Debt mutual fund folios have in the last one-month period seen a growth of 4.25 per cent, while equity schemes continued to face redemptions as folio numbers declined by 1.02 per cent.

From March to April, debt folios have increased from 45 lakh to 47 lakh, while equity has fallen from 3.9 crore folios to 3.8 crore.

A folio is a reference number of the mutual fund account.

The average assets under management by mutual funds during the same period increased by 7 per cent to Rs 7.55 lakh crore.

As on April 2011, the number of folios in the industry was 4.7 crore, of which 47 lakh folios belong to the debt category and 3.8 crore to the equity category.

Since March 2009, the share of debt scheme folios in the industry has increased while that of equity schemes has seen a steady decline.

According to data on the SEBI Web site, debt folios have seen their share increase from 6.8 per cent to 10.03 per cent from 2009 to 2011. During the same period, equity scheme folios have seen their share decline from 85.7 to 82.7 per cent.

Debt schemes include income, liquid and gilt funds. As of March 2009, the number of folios in the industry was 4.79 crore.

According to data on the Association of Mutual Funds in India Web site, about one million retail folios were added to the debt schemes contributing to a 34 per cent folio growth in the category.

“Earlier debt schemes were not spoken of widely. But now even the fund houses are showing a keen interest in promoting debt schemes,” said Mr Rajesh Krishnamoorthy, Managing Director, iFast Financial and fundsupermart.com.

“Also, the benefit of asset allocation for the investors, along with rising interest rates, has made the debt schemes more attractive.”
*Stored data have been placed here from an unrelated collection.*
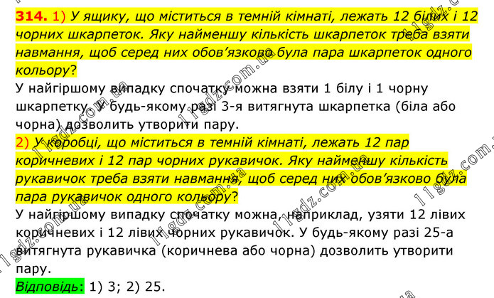 1) У ящику, що міститься в темній кімнаті, лежать 12 білих і 12 чорних шкарпеток. Яку найменшу кількість шкарпеток треба взяти навмання, щоб серед них обов’язково була пара шкарпеток одного кольору? У найгіршому випадку спочатку можна взяти 1 білу і 1 чорну шкарпетку. У будь-якому разі 3-я витягнута шкарпетка (біла або чорна) дозволить утворити пару. 2) У коробці, що міститься в темній кімнаті, лежать 12 пар коричневих і 12 пар чорних рукавичок. Яку найменшу кількість рукавичок треба взяти навмання, щоб серед них обов’язково була пара рукавичок одного кольору? У найгіршому випадку спочатку можна, наприклад, узяти 12 лівих коричневих і 12 лівих чорних рукавичок. У будь-якому разі 25-а витягнута рукавичка (коричнева або чорна) дозволить утворити пару. Відповідь: 1) 3; 2) 25.
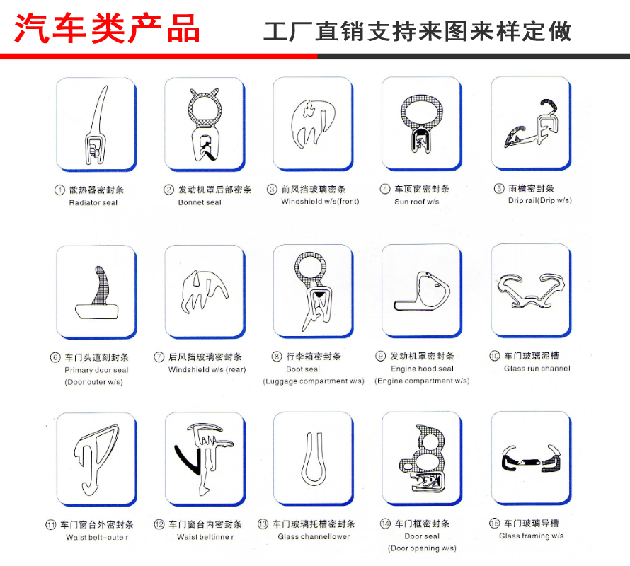 2. 汽車密封條應用在車門、車窗、前后檔風玻璃、天窗,發(fā)動機蓋和行李箱蓋上,起到防水、防塵、隔音、隔熱、減震、裝飾的作用。
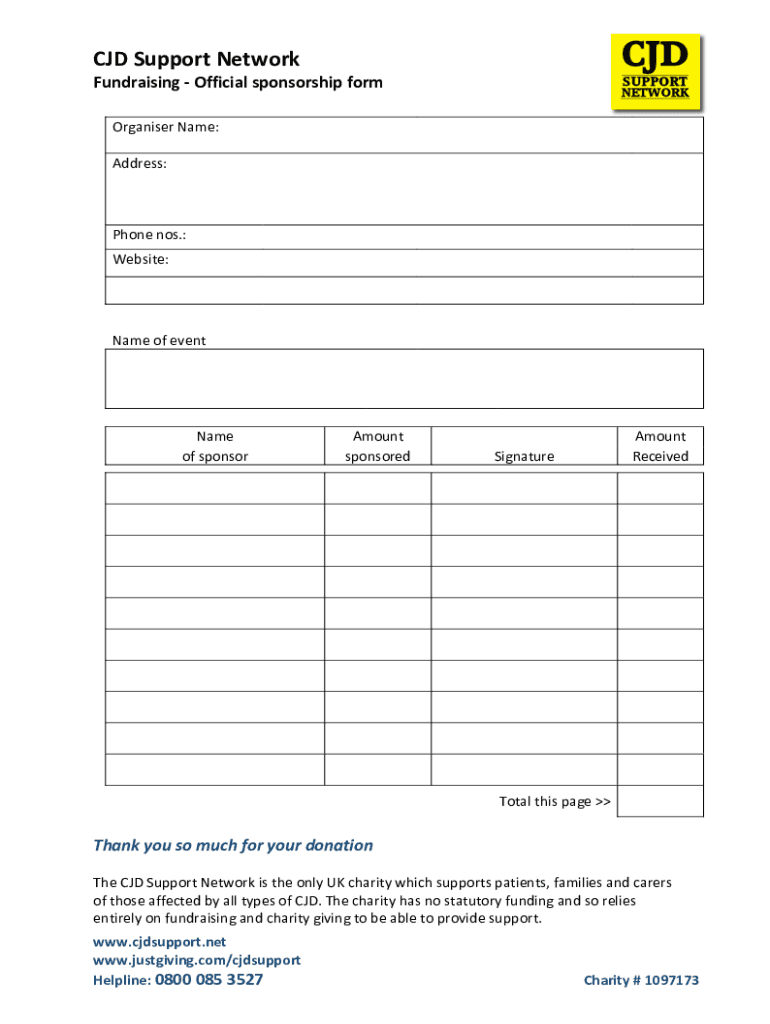 CD Support NetworkFundraising Official sponsorship formOrganiser Name:Address:Phone nos.:Website:Name of eventAmountsponsoredNameof sponsorSignatureAmountReceivedTotal this page Thanks you so much

One of the main reasons for increased retail participation in debt schemes has been the increase in the number of Fixed Maturity Plans (FMPs) launched by fund houses. Between October and April, about 50 FMP schemes were introduced by fund houses.

“In the last six months a lot of FMP products have been launched with three-month, six-month and one-year tenures,” said Mr Hiren Dhakan, Associate Fund Manager, Bonanza Portfolio. “These schemes guarantee higher returns as interest rates are high and also provide double indexation benefits. However, this increase in debt scheme folios may be a temporary phenomenon as equity will see higher participation once the market bounces back.”